Topology A: maximum parsimony tree

Topology B: Bayesian total evidence tree

==Paleobiology==
Miyumba is known from the Neville's Garden, Wayne's Wok and Upper sites at the Riversleigh World Heritage Area, which are interpreted as being part of Riversleigh's Faunal Zone B. Neville's Garden Site has been radiometrically dated as being between 18.51 and 17.97 million years old, while the Wayne's Wok and Upper sites have been determined to be Early Miocene in age via biocorrelation.
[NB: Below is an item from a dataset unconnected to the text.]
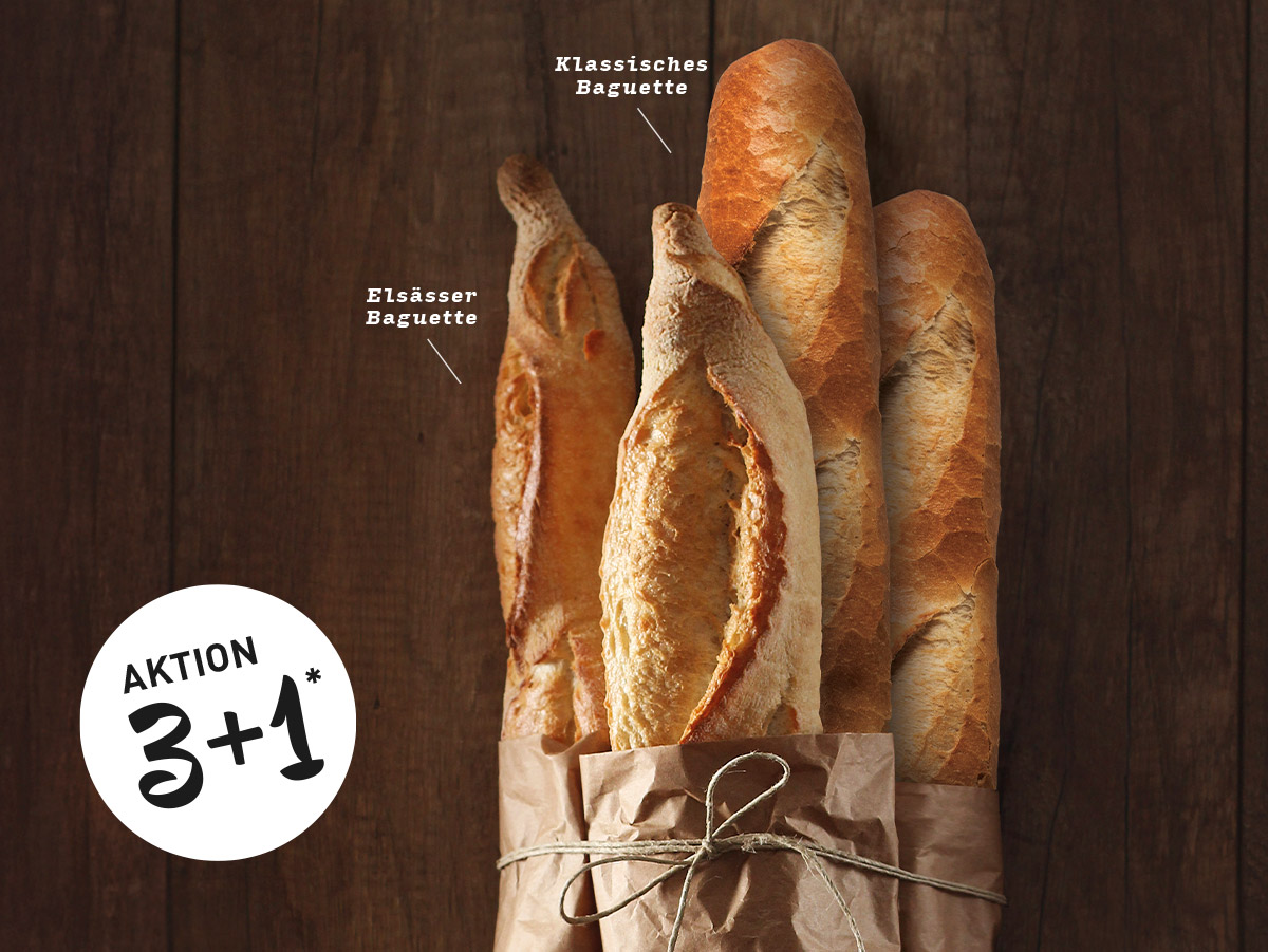 Ob für das Picknick im Park, das Sommerfest oder die Grillparty: Unsere Baguettes dürfen hier einfach nicht fehlen. Mach mit bei unserer knusprigen Sommer-Aktion 3+1 und bekomme beim Kauf von drei Baguette-Stangen eine gratis dazu. Unser Angebot gilt für die klassischen Baguettes und das rustikale Elsässer Baguette.

All three sites represent cave deposits, the original entrances of which appear to have acted as a natural pit-fall trap. Various factors like the high number of arboreal taxa, overall species richness and the presence of certain rainforest taxa suggests that suggests that the environment surrounding the caves was rainforest.

Possums are abundant at all three sites and are represented by the phalangeroid Durudawari, the burramyids Burramys and Cercartetus, the pilkipildrid Djilgaringa, the ektopodontids Chunia and Ektopodon, the phalangerids Gawinga, Marlu and Paljara, and the petauroid Djaludjangi. Other mammals that lived alongside Miyumba include the platypus Obdurodon, the thylacinids Wabulacinus and Nimbacinus, the bandicoot Yarala, the marsupial lions Lekaneleo and Microleo, the koala Nimiokoala, the diprotodontoids Propalorchestes and Neohelos, the rat-kangaroos Hypsiprymnodon and Ekaltadeta, the macropodids Bulunugamaya, Ganguroo, Wabularoo and Wakiewakie, and the enigmatic marsupial Yalkaparidon. Other vertebrates include amphibians, lizards, snakes and birds (such as Emuarius).